I have been a doctor for 14 years, a wife for 16 years, a mother for 12 years, and a daughter and sister for 41 years. My professional life has revolved around caring for women of all ages. People sometimes ask, “Why Ob/Gyn? Why would I want to look at vaginas all day?” That’s the smallest part of what I spend time doing. Most of my time is spent educating women about their bodies, their symptoms, and the causes, their options for birth control, managing their menstrual cycles, and dealing with the challenges of being a female. I spend a significant amount of time reassuring patients that they are normal. My goal is to provide women with information that makes them feel empowered by their bodies. I am thrilled when I can educate a teen on all of her birth control options, and she gets all the reliable information about birth control and sex from me. I assure the patient that our conversation is confidential and that they are responsible for choosing the proper treatment.

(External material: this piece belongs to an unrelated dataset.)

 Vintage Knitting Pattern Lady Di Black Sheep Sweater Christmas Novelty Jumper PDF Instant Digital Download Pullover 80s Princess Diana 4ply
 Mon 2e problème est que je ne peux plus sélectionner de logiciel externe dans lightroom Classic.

Seeing an Ob/Gyn for the first time used to be a dreaded but necessary visit. A pelvic exam and Pap smear were often required to obtain birth control, even if the patient was not sexually active and using birth control for menstrual regulation. Nowadays, that is not the case. My first pelvic exam experience was less than ideal. I was in student health, separated by curtains from the other women, and the Nurse Practitioner performed an exam without explaining it, including a complete rectal exam. I was not expecting that! I grabbed my birth control pills and got out of there. I have told many patients this story to lessen the anxiety associated with their first pelvic exam. It’s a great ice-breaker and a reminder of the importance of taking the time to explain the necessary exam, showing the patient the speculum and how it works, and answering questions along the way. They understand that the exam should not be painful and that they are in control. If it hurts, we stop. If they are too uncomfortable to have an exam on the first visit, then we delay. Gone are the days of “just lay back and relax” or blaming the patient for the exam being painful.

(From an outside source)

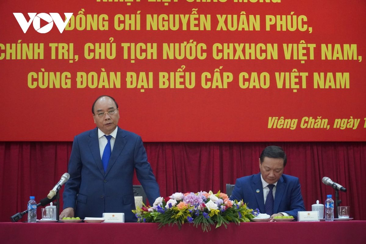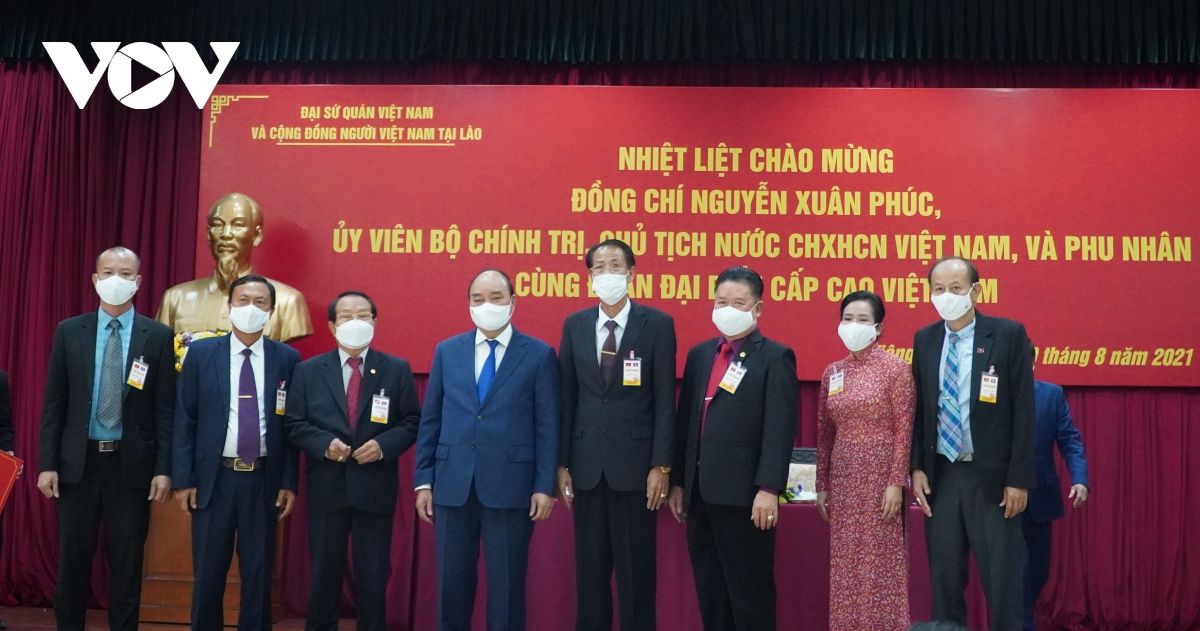 Chủ tịch nước nhấn mạnh, 100.000 người Việt Nam ở Lào đều luôn hướng về Tổ quốc, và nhiệt thành hỗ trợ đồng bào ở trong nước khi gặp khó khăn hoạn nạn do thiên tai và dịch Covid-19. Trên tinh thần đó, Chủ tịch nước Nguyễn Xuân Phúc mong cộng đồng người ở đây tiếp tục phát huy truyền thống, để mỗi người con đất Việt sống và làm việc ở Lào là một tấm gương sáng, xứng danh người Việt Nam.

Although I love all aspects of OB/Gyn, I especially love taking care of “the bookends” – adolescent females and their moms. The teens who need ALL the information to navigate the complex world of social media, sex, friendships, acne, menstrual irregularities, mood disturbance, and their mothers who frequently deal with similar issues related to perimenopause. I am fascinated by the dynamics between adolescents and their mothers. It is such a complicated time in both of their lives – emotional, hormonally tumultuous, and at times very stressful. I hope that through group programs related to adolescent education and the perimenopause transition, I can reach more women and empower them with the information they need to make their lives less difficult during those times in their lives.
Jennie Hauschka, MD is a board-certified Obstetrician/Gynecologist in Charlotte, NC, and CoAuthor of “The Chronicles of Women in White Coats 3.” She has been in private practice for ten years and is married with three children.